Betreft: beleid elektrogevoelige personen

<datum, plaats>

Beste GGD en gemeente <plaats>

Op 3 mei 2013 ontving ik een reactie van de gemeente <plaats> (kenmerk 1314635/14051) op mijn brief waarin ik mijn zorgen uitte over de elektromagnetische straling afkomstig van zendmasten en de mogelijke effecten daarvan op de gezondheid. Als reactie op mijn brief schreef de gemeente:

“ Allereerst willen wij benadrukken dat wij oog hebben voor burgers die gezondheidsklachten hebben als gevolg van elektromagnetische straling. In deze moderne tijd waarin steeds nieuwe draadloze toepassingen worden ontwikkeld en toegepast kan het fenomeen ‘elektrogevoeligheid’ de kwaliteit van leven werkelijk nadelig beïnvloeden. Wij zijn ons hiervan bewust en zijn dan ook van mening dat, indien er mogelijkheden bestaan om de negatieve effecten van elektromagnetische velden te verminderen en de gemeente daarop invloed kan uitoefenen, wij daar invulling aan moeten geven`.

Als mensen gezondheidsklachten ervaren door blootstelling aan elektromagnetische straling krijgen ze het advies zich te wenden tot de GGD. Ik heb in het verleden een aantal keer contact opgenomen met de GGD hierover, maar toen werden gezondheidsklachten door blootstelling aan straling nog niet erkend. Ik ben blij dat de GGD tegenwoordig het bestaan van klachten van elektrogevoeligheid wel erkent en heb vernomen dat er plannen zijn voor een hulplijn in samenwerking met de Stichting EHS. Dit is een stap in de goede richting.

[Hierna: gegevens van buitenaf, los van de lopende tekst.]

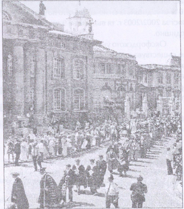
Поглед към Оксфордския университет

Дейността на издателството се контролира от университета, който назначава група делегати, избрани от академичния персонал. Делегатите заседават на всеки две седмици, като председател на заседанието е ректорът на Оксфордския университет. Те активно се включват в планирането и осъществяването на програмата на издателството. Преди да бъдат отпечатани, всички книги
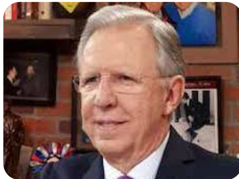
Joaquín López Doriga
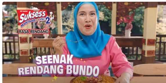
Gambar 20 Ibunda Malin Terkejut Akan Rasa Mi Instan Varian Rendang

Selanjutnya, terdapat adegan Ibunda Malin yang terkejut setelah mencicipi mi instan tersebut. Ibunda Malin mengatakan bahwasanya mi tersebut enak dan sama seperti masakan buatannya (Gambar 20). Dilanjutkan dengan kedua asisten Malin (Gambar 21) yang ikut memakan mi instan tersebut dan disusul dengan beberapa orang yang turut merasakan mi instan tersebut (Gambar 22).
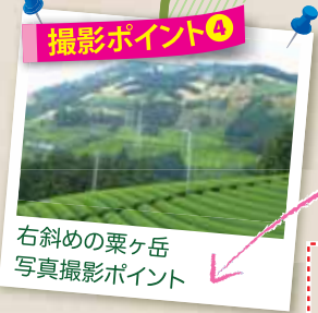
撮影ポイント④ 右斜めの粟ヶ岳写真撮影ポイント
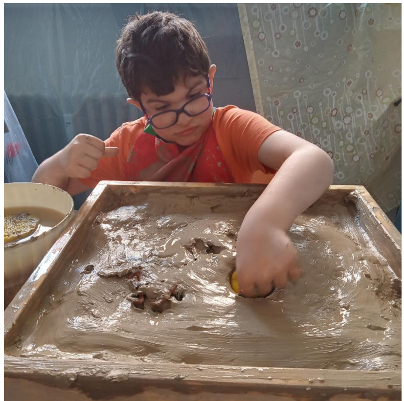
Rád'a a jeho soustředění
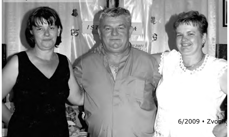
Slavljenik sa sestrama

□ Velika je radost biti u ovakvoj župi za onoga tko se zna prilagoditi. Na koncu, čovjek ovdje nije samo na jedno usmjeren, nego upravo zato što ima više konfesija, potrebno je biti otvoren prema svima. Sa svima je moguće pametno i lijepo razgovarati o Bogu, a naravno i o ljudskim problemima, o onome što ispunja ljude koji me okružuju. Zato su vrata župe uvijek otvorena, za sve koji su potrebni pomoći. Ono što je u danom trenutku moguće, bit će im pruženo. Ovdje prije svega mislim na utješne riječi svećenika, riječi Evanđelja. Sva ta različitost mene vrlo ispunja. Upravo ta stalna otvorenost prema drugima, kako bih mogao razumjeti kako dotična osoba što doživljava, osjeća,
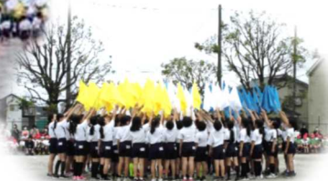
二和っ子サポーターズ
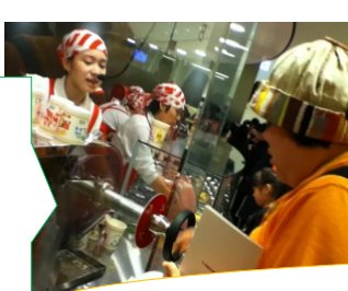
カップヌードル作りに挑戦

休日は予約でいっぱいになってしまうカップヌードル作りの体験に2組で出かけました。どんな味のカップヌードルが出来上がったのかは食べた人のみ知るところですね。
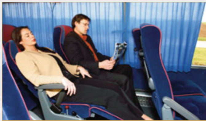
Fauteuils Royal Class (Vanhool 917 T9) : le summum !
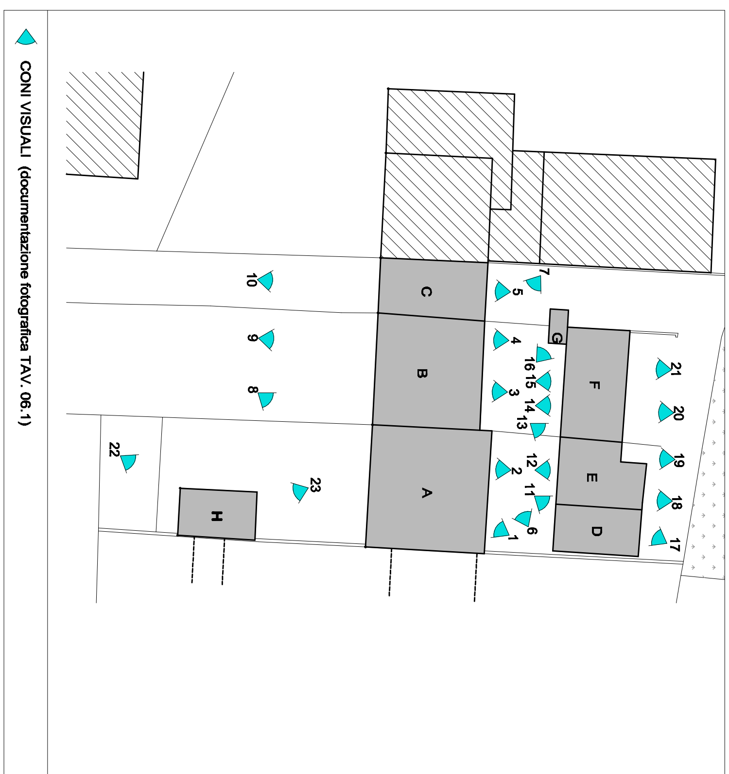
CONTI VISUALI (documentazione fotografica TAV. 06.1)
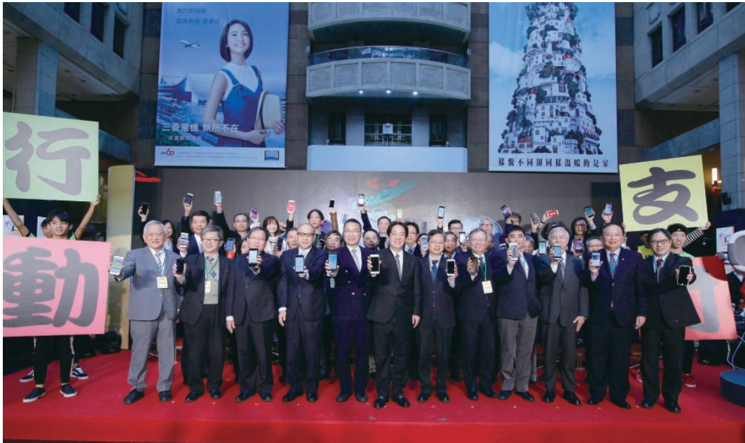
邱副主委陪同賴院長出席經濟部行動支付購物節活動。
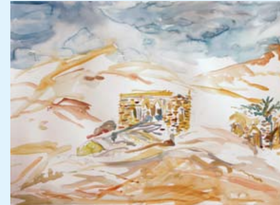
חורשת האקליפטוס, 2011, צבע מים על נייר, 76x57
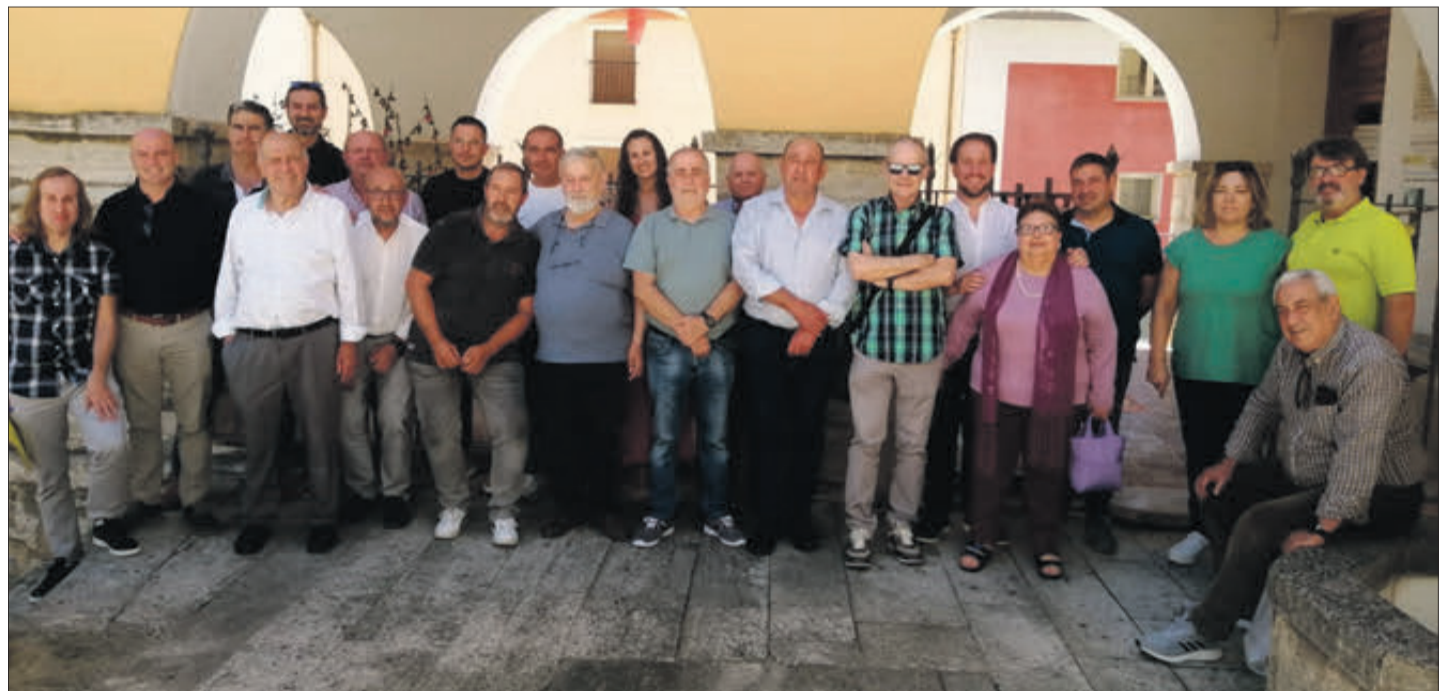
Alcaldes i representants dels ajuntaments, al costat del secretari homenatjat, posen davant l'Ajuntament de Planes.

Des d'aquesta publicació li donem les gràcies i li desitgem molta sort en els seus nous projectes personals.
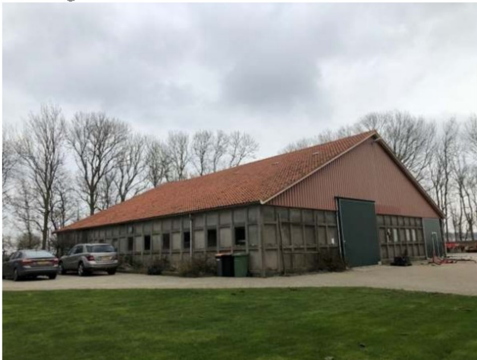
Te renoveren bijgebouw voorzijde
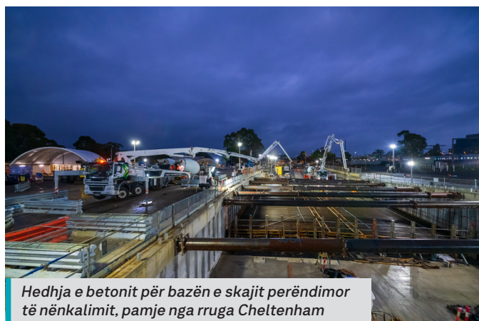
Hedhja e betonit për bazën e skajit perëndimor të nënkalimit, pamje nga rruga Cheltenham
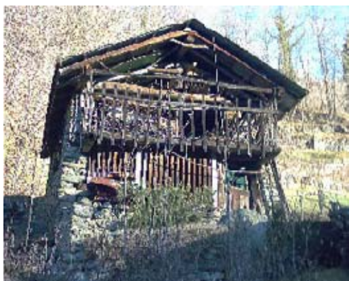
Un caratteristico " benal "

De GGD adviseert mensen die melding maken van stralingsgerelateerde gezondheidsklachten contact op te nemen met hun huisarts. Echter, veel huisartsen zijn nauwelijks op de hoogte van het feit dat elektromagnetische velden gezondheidsklachten kunnen veroorzaken en hebben het niet op de radar staan als mogelijke oorzaak van gezondheidsklachten zoals hoofdpijn, oververmoeidheid, concentratieproblemen en oorsuizen etc. Velen van hen zijn niet in staat stralingsgerelateerde gezondheidsklachten adequaat te diagnosticeren of er adequaat advies over te geven. Als mensen zelf melding maken van gezondheidsklachten door straling, worden deze klachten vaak ten onrechte in het hokje ‘psychosomatisch’ gestopt en is er in een gunstig geval een doorverwijzing naar een SOLK-poli.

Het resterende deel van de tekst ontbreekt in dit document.